Wenn channelExec vom Typ (ChannelExec) ist, dann könnte der erste Cast notwendig sein, aber dann bräuchte es den zweiten nicht ... oder umgekehrt ... Egal wie dem auch sei: Schwer zu lesen ... openChannel gibt einen Channel zurück .. und von dem Typ würde ich die Variable dann auch nutzen ...

Und nach meinem ersten Verständnis ist das so nicht korrekt. Der Ablauf ist doch, du erstellst den channel, setzt die Werte (command, in/out streams, ...) und dann machst Du den connect.

Bei sowas würde ich mich ansonsten etwas nach Beispielen richten, die es zu einem Projekt gibt und dann mit denen erst einmal rumspielen und dann durch Anpassungen die Funktionalität im Detail zu verstehen. Dann kann man sich auch überlegen, wie das in die eigene Applikation rein passt und was man ggf. noch für weitere Klassen benötigt ...

Und dann ist ggf. auch der err und der out Stream interessant - die würde ich auch auslesen - bei den Tests dann ruhig wie in dem Beispiel mit System.out und System.err nutzen .... Dann bekommt Du ggf.
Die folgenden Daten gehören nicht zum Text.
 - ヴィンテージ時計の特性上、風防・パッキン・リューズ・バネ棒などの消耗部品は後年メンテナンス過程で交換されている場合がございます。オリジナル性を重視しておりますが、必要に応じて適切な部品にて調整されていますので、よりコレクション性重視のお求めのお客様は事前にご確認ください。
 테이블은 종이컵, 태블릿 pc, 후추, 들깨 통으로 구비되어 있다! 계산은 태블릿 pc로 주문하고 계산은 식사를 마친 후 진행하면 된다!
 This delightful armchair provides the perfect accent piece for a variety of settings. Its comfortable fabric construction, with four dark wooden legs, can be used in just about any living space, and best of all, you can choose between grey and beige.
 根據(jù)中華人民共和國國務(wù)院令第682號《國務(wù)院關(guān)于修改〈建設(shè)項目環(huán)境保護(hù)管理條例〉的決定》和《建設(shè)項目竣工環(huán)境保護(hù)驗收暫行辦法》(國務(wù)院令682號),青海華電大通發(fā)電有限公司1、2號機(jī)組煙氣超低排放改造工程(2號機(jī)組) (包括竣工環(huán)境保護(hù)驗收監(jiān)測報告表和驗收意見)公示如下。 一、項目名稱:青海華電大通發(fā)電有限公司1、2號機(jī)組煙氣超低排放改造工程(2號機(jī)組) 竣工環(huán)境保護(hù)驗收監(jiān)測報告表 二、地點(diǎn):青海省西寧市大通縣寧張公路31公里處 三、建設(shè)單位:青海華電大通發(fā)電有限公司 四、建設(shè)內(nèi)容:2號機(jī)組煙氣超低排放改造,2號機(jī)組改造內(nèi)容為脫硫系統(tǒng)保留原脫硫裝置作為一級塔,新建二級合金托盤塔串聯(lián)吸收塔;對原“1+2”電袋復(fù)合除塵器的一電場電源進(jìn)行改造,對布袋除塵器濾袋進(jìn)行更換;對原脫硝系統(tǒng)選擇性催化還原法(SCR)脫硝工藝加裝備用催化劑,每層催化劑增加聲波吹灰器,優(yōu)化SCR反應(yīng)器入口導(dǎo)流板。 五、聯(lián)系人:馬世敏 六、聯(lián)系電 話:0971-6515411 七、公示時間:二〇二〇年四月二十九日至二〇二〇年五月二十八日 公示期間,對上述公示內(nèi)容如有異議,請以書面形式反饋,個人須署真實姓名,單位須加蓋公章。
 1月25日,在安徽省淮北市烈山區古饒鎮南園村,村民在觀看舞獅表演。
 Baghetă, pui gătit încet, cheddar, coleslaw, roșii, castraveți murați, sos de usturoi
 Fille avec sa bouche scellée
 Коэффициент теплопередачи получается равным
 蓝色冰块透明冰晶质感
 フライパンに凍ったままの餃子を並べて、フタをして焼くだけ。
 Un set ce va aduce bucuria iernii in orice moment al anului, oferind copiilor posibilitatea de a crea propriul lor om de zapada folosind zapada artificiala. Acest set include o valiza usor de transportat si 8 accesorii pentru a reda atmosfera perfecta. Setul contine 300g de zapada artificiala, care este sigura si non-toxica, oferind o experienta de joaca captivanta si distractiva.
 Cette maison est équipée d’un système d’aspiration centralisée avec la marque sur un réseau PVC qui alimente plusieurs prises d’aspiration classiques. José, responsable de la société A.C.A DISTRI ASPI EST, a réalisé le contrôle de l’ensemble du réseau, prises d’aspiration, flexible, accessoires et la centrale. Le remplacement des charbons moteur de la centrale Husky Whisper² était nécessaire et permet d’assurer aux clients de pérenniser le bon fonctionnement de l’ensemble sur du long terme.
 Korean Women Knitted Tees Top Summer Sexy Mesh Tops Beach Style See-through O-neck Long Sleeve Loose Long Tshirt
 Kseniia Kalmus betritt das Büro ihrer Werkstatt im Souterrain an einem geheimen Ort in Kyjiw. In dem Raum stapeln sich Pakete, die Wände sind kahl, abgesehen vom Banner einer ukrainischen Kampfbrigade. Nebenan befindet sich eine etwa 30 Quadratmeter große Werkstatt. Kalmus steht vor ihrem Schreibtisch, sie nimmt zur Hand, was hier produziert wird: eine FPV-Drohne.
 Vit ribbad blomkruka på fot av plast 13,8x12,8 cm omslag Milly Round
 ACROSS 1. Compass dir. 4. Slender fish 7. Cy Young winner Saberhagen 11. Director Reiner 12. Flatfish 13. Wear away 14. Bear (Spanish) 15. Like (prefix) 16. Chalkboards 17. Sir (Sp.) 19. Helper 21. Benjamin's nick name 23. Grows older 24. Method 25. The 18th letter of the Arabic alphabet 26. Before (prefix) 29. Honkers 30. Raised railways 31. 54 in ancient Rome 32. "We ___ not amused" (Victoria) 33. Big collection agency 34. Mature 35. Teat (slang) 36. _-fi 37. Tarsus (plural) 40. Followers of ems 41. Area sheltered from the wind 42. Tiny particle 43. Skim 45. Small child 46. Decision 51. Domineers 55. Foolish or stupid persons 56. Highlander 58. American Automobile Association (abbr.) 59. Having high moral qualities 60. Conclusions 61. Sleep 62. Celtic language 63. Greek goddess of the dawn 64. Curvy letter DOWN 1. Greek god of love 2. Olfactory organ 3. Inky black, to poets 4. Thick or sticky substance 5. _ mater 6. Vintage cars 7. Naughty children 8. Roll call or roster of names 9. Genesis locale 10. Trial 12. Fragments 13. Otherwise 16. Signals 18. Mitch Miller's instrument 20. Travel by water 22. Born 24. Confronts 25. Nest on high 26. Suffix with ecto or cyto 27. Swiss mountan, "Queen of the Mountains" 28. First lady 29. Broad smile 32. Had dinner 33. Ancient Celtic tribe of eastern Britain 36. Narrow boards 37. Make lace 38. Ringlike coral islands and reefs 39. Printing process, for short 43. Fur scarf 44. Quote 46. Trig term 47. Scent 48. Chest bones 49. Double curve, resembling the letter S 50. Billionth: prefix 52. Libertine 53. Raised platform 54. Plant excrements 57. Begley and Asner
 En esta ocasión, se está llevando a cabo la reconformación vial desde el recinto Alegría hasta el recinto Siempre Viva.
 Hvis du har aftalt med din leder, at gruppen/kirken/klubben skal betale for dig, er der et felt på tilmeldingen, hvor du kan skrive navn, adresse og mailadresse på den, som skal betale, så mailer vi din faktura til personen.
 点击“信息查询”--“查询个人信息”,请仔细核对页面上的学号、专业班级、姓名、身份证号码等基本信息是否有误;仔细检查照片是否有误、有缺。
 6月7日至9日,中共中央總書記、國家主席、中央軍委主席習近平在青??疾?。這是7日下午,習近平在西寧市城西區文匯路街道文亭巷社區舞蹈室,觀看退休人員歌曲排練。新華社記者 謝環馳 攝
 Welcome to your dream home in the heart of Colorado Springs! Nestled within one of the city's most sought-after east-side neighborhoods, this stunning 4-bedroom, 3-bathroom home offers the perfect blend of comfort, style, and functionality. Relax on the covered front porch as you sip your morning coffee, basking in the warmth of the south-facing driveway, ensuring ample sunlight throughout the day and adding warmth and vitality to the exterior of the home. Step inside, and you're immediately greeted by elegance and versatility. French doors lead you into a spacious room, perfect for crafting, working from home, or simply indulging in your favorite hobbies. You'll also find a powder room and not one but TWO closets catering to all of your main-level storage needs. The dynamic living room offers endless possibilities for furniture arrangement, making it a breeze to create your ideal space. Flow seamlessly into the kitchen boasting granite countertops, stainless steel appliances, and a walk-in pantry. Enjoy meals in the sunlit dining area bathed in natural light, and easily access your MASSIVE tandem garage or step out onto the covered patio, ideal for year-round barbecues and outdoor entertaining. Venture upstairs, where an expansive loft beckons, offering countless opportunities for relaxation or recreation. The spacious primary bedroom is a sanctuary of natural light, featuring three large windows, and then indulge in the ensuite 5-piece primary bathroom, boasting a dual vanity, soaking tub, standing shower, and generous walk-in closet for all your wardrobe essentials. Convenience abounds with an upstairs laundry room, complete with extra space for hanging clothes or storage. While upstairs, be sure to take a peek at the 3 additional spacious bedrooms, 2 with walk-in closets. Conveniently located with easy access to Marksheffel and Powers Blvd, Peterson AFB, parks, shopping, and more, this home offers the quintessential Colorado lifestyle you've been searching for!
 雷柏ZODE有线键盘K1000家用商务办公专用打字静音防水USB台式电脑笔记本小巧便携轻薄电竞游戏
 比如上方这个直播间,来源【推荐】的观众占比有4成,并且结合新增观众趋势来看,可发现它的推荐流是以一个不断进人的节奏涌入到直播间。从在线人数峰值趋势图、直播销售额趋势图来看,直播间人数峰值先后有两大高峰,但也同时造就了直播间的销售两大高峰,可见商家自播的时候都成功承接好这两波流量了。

Probleme mit, wie Befehl nicht im Pfad oder so ... (Wobei cp in der Regel in /bin/cp ist und das sollte gefunden werden...)


----------



## Joob (7. Apr 2021)

Ich habe meinen Fehler gesehen, 
ich darf das Connect erst machen nachdem ich den Befehl gesetzt habe.
So haut das hin.

Gibt es vielleicht noch was zu verbessern ?


----------



## Joob (7. Apr 2021)

Das casten habe ich entfernt, danke für den Tip.

Das mit der Lesbarkeit liegt vielleicht daran, das ich alle FileTransferfunktionalitäten in einer Klasse habe.
Der obere Teil ist ein Auszug aus der Methode die die Verbindung herstellt.
Ist schwierig alles mitzugeben.

Der untere ist die Methode die die Funktionalität abbildet.

Ich habe das jetzt so verstanden, 
ich definieren einen Channel zum Ausführen eines Befehls.
Dann setzt ich den Befehl.
Danach mache ich den Connect.
Dabei wird der Befehl auf dem Server ausgeführt.
Dann schließe ich die Verbindung wieder.

Liege ich da falsch ?


----------